Busca en el apartado de proveedores "Casa Astri", ellos tienen todo para armar calefactores, alambres aislantes, Etc

Edit:
http://www.casaastri-sa.com.ar/


----------



## maxi_boca_1 (Nov 4, 2008)

Chico3001 dijo:
			
		

> La temperatura varia mucho segun el voltaje aplicado... yo logre unos 150°C aproximadamente.... en cuanto al largo los venden por metro o por rollo.. y el espesor es el espesor estandar del cable AWG... aunque algunos vendedores lo entienden por milimetros...
> 
> Ten cuidado por que a menor espesor mayor resistencia del alambre.. y tambien tienes que tomar en cuenta que cuando se calienta se expande varios milimetros...



Hola, gracias por tu respuesta, yo lo que necesitaria es tener aprox entre 50º y 75ºC  con un voltaje de 220V 
cual deberia usar de los alambres en forma de resorte de nicrom ? 
El calefactor que pretendo armar tiene la fora para que te des una idea de un cd de musica, ahi tendria que ponerle el alambre.

ponele que compro un metro si lo corto cambia la resistencia? estaria variando la temp?


----------



## maxi_boca_1 (Nov 4, 2008)

Fogonazo dijo:
			
		

> Busca en el apartado de proveedores "Casa Astri", ellos tienen todo para armar calefactores, alambres aislantes, Etc
> 
> Edit:
> http://www.casaastri-sa.com.ar/



Gracias por el aporte


----------



## Chico3001 (Nov 4, 2008)

maxi_boca_1 dijo:
			
		

> Hola, gracias por tu respuesta, yo lo que necesitaria es tener aprox entre 50º y 75ºC  con un voltaje de 220V
> cual deberia usar de los alambres en forma de resorte de nicrom ?
> El calefactor que pretendo armar tiene la fora para que te des una idea de un cd de musica, ahi tendria que ponerle el alambre.
> 
> ponele que compro un metro si lo corto cambia la resistencia? estaria variando la temp?

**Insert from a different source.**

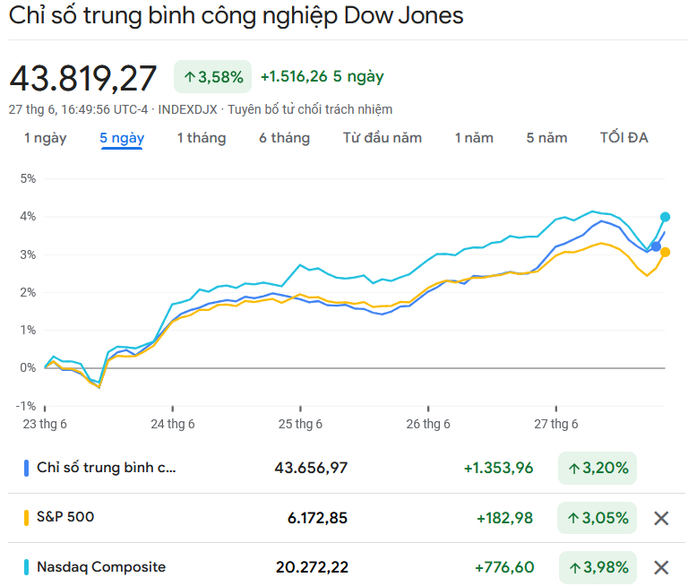 Đóng cửa phiên giao dịch thứ Sáu ngày 27/6, chỉ số S&P 500 tiến 0,52% lên mức cao kỷ lục 6.173,07 điểm. Vào đầu phiên, S&P 500 đã tăng 0,76% lên mức cao 6.187,68 điểm, phá vỡ mức kỷ lục trước đó là 6.147,43 điểm.

Para 220V me imagino que el calibre va a ser grande.... un 18 posiblemente, ahora cada vez que lo cortes va a reducirse la resistencia ,asi que es mejor que hagas pruebas para poder saber cual es el calibre adecuado y el largo adecuado

Intenta estimando la potencia que requieres para hacer el calentador y despues en la tienda te pueden informaciónrmar de la resistencia por metro de cada calibre del alambre, de alli puedes tomar una decision de cual calibre te sirve mejor, tambien afecta el tiempo que estimes de calentamiento, a mayor potencia menor tiempo de calentamiento pero mas energia necesitas administrar.....


----------



## jortiz_chimal (May 26, 2009)

Sabran de un proveedor en la ciudad de mexico para las resistencias de ni-cro?
Es para un proyectio semejante.

Saludos y gracias por sus aportaciones.


----------



## eddy70 (May 26, 2009)

hola te paso el dato donde nosotros lo compramos en mexico, la empresa se llama siselep, s.a. de c.v. tel. 015556192323 con miriam morales.


----------



## Chico3001 (May 26, 2009)

Yo los consigo en la calle de Victoria en el centro, pasando Dolores se acaban como por encanto las casas de iluminacion y comienzan las de material electrico, en muchas venden ese alambre...


----------